Wednesday 2 February 2011

Christmas, Chutney and Dead Chicks

And would you believe it… January is over. I won’t go on about how this month has flown by. I reserve that sort of banter for church coffee mornings and jumble sales. Instead I’m looking briefly back over one shoulder, then squinting forward into the near future.

Christmas was a beautiful thing. For several reasons.

I was thrilled to do a reading at the National Short Story Day in Manchester. This was the first of a fantastic UK wide event, held annually on 21st December - the shortest day of the year. See what they did there? It promised to be ‘a celebration of prose’s short-yet-perfectly-crafted form’ and it was. Comma Press hosted the event at MaDlab in the Northern Quarter; a quirky gem of a venue which required eagle eyes and a secret knock to gain access - only the coolest literary types, or the most determined wannabes (i.e. me) got in. There were two other fantastic writers: flash fiction master and novelist David Gaffney and poet, writer and accomplished performer Michelle Green. I read second, after David’s brilliant PowerPoint flash fiction and before Michelle’s evocative and moving story extract. I like to think I was a suspicious, untested filling in an otherwise delectable sandwich (think own-brand squeezy cheese on ciabatta roll – uncertain, but it could just work) People clapped at the end which is always a good sign (unless it’s slow and menacing) and I was totally thrilled to be appearing with two great, established writers and to have the opportunity to read my work. And the Gluhwein was delicious. It was a superb event and one to watch out for next December.
           
What else made Christmas? Singing our annual rendition of Fairytale of New York with my brother and sister-in-law until the neighbours complained. We were delighted to see them (brother and sis, not neighbours, although they’re very nice, too) as they’d flown in on a pause from their sailing trip, currently stationed in Sicily on their beautiful boat, Planet. My sister-in-law is also a writer, so we had lots of time to rant about semicolon abuse; and plot how we would both bombard Mslexia magazine with submissions until they caved in and accepted our work.

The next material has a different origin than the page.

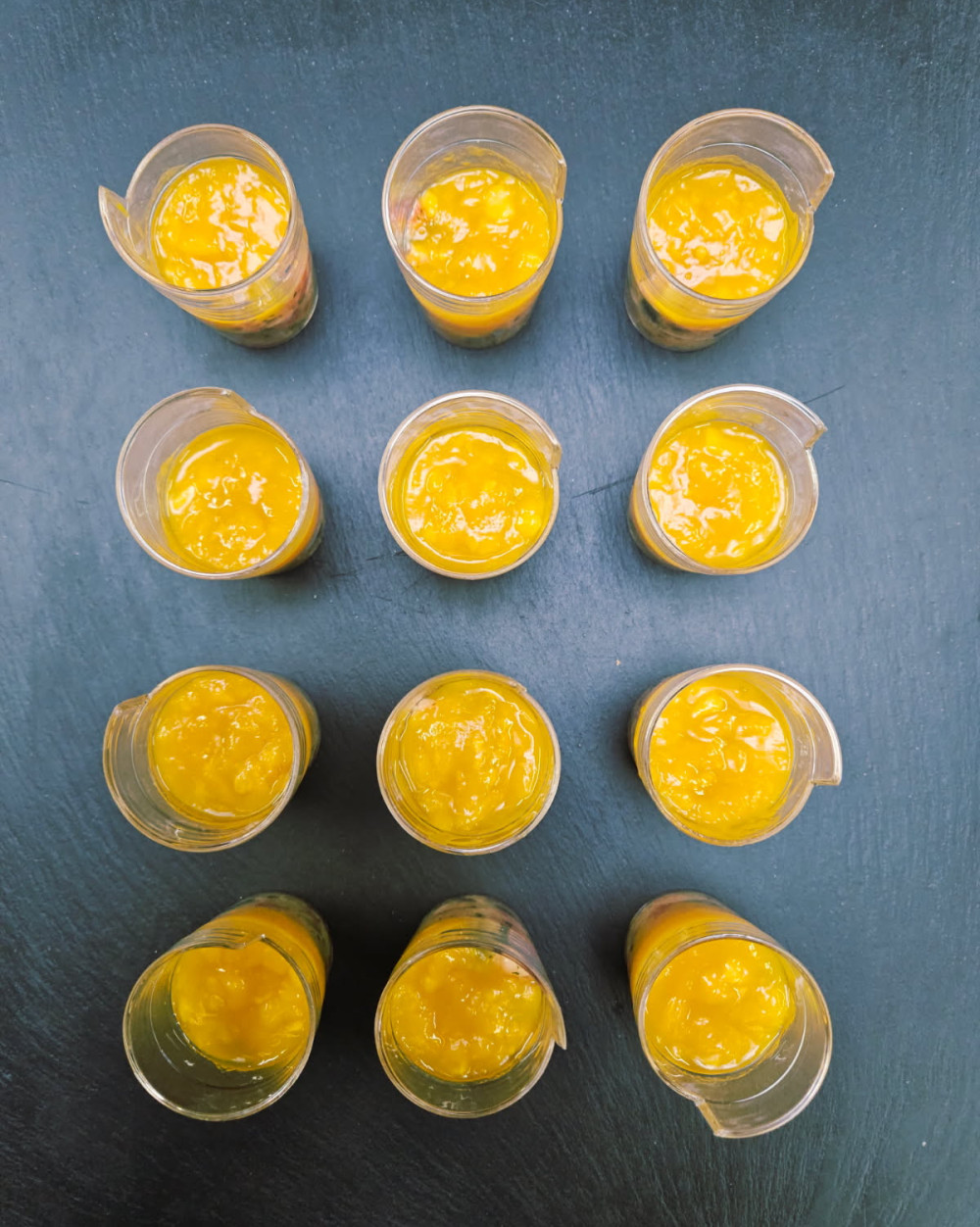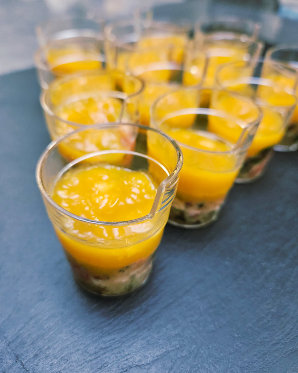 * Verrine Duo de Gambas et Mangue: Verrine composé d'une couche de Mangue cuisinée, déposée sur un tartare de gambas dés de tomate et dés de concombre, parfumé de basilic et menthe.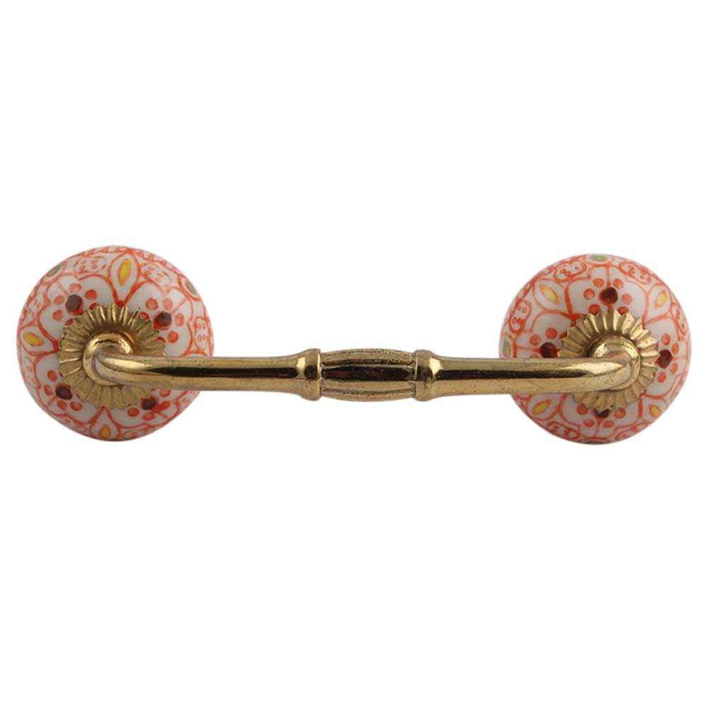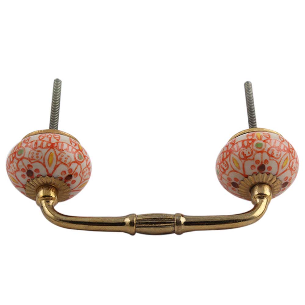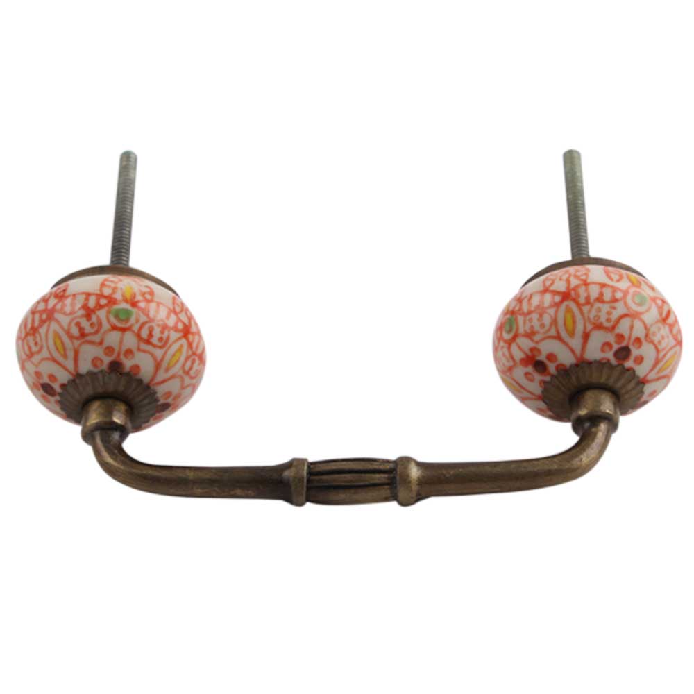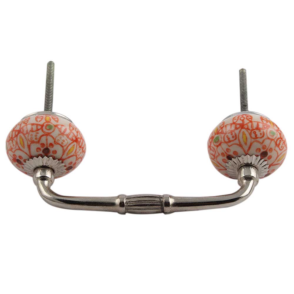 Orange Ceramic Floral Bridge Wardrobe Handle. Ideal for Drawer, Dresser, Cabinet, Wardrobe, Cupboard and Almirah.

Finally, it wouldn’t have been Christmas without mass chutney making.
Every year I make chutney and gift it to anyone who I think is too polite to decline it. Every year I have the same anxiety dream that I have somehow bred botulism in the sterilised jars and wake in a cold sweat. I then go downstairs and make a large cheese and chutney sandwich, eat it and sit nervously waiting for signs of paralysis. All clear this year.

Now, looking forward to the weeks ahead, I will be developing a themed short fiction collection, and flinging stories out, until something sticks. And applying for Come Dine With Me.

Today, I’m working on a short story that features, briefly, the decomposing carcasses of garden birds. It’s an unsavoury little tale. Uncertain how long it would take for the flesh of a small bird to entirely disappear, and in the name of research, I googled for images of ‘decaying sparrows’ and ‘rotting starlings’. No doubt the googlegods in their silicon e-tower have my card marked. At least I wasn’t looking up dead chicks. I think that’s a different thing entirely.